La reclusione andrà da sei mesi a quattro anni per chi, in qualsiasi modo, istiga a commettere o commette violenza o atti di provocazione alla violenza per motivi razziali, etnici, nazionali o religiosi. Viene, quindi, vietata ogni organizzazione, associazione, movimento o gruppo che abbia tra i propri scopi l’incitamento alla discriminazione o alla violenza per motivi razziali, etnici, nazionali o religiosi: chi vi parteciperà rischierà sei mesi a quattro anni di prigione, che passeranno da uno a sei anni per chi quelle associazioni promuove o dirige. Viene quindi prevista nell’ordinamento penale la reclusione da 2 a 6 anni, nei casi in cui la propaganda, l’istigazione e l’incitamento si fondino “in tutto o in parte sulla negazione della Shoah o dei crimini di genocidio, dei crimini contro l’umanità e dei crimini di guerra” come vengono definiti dallo Statuto della Corte penale internazionale.
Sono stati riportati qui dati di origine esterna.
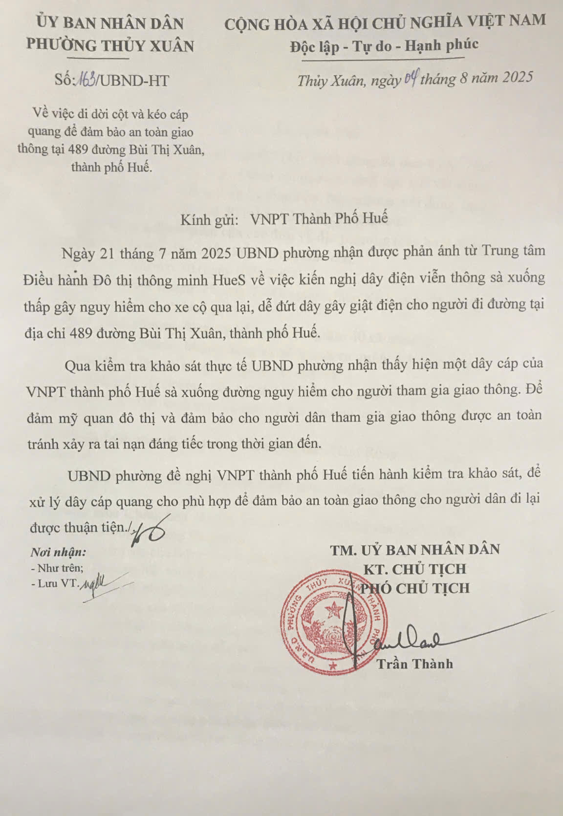 Sau khi nhận được phản ánh về nội dung trên, UBND phường đã có Công văn số 163/UBND HT ngày 04/8/2025 của UBND phường về việc kéo cáp quang để đảm bảo an toàn giao thông tại 489 đường Bùi Thị Xuân gửi cho VNPT thành phố Huế để xử lý.

Siamo al reato d’opinione. L’essere imbecilli non è un reato, non può e non deve mai diventarlo a differenza del comportarsi da imbecilli o fare azioni da imbecilli.  Usare il codice penale per difendere una tesi è sempre un rischio. Sia perché rischia di indebolire la tesi: “ma se è vera perché allora punire chi non ci crede? Non è lo stesso che hanno fatto con(1)…

Galileo, Galileo,
Galileo, Galileo,
Galileo, Figarò…

Magnificòòòooo ooh ooh
(cit.)

Già con l’omofobia si è visto come sia stata usata allo stesso modo di un maglio per stroncare qualsiasi obiezione e/o critica per quanto validamente motivata ed espressa in maniera non volgare e non offensiva. Le obiezioni sul bambino, concepito grazie all’utero in affitto, dal compagno del compagno Vendola erano tutte causate dall’omofobia, qualsiasi critica alla Kyenge era razzismo, alla Boldrini sessismo etc. etc. Scommetto che la legge verrà usata come un maglio alla prima protesta contro gli immigrati clandestini o i campi Rom abusivi.
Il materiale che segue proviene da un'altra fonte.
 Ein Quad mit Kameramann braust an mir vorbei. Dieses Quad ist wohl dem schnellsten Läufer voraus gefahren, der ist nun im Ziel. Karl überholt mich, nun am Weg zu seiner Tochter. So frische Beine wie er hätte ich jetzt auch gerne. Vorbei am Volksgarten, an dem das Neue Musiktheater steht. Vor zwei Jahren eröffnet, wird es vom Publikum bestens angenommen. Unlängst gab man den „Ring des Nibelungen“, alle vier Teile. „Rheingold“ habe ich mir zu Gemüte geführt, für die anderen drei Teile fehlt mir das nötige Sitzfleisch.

Comunque penso che un tale comportamento avrà l’unico effetto di spingere gli imbecilli nell’ombra, di farli parlare per metafore.  Siamo seri, le censure raramente son state efficaci contro simili idiozie, anzi paradossalmente le rafforzano. I problemi si risolvono risolvendoli, vietare di parlarne, anche se il divieto è coperto da tonnellate di glassa alle buone intenzioni, è inutile se non controproducente.

(1) Puntualmente viene tirato fuori il caso di Galileo Galilei, soprattutto da gente che ricorda molto il card. Bellarmino.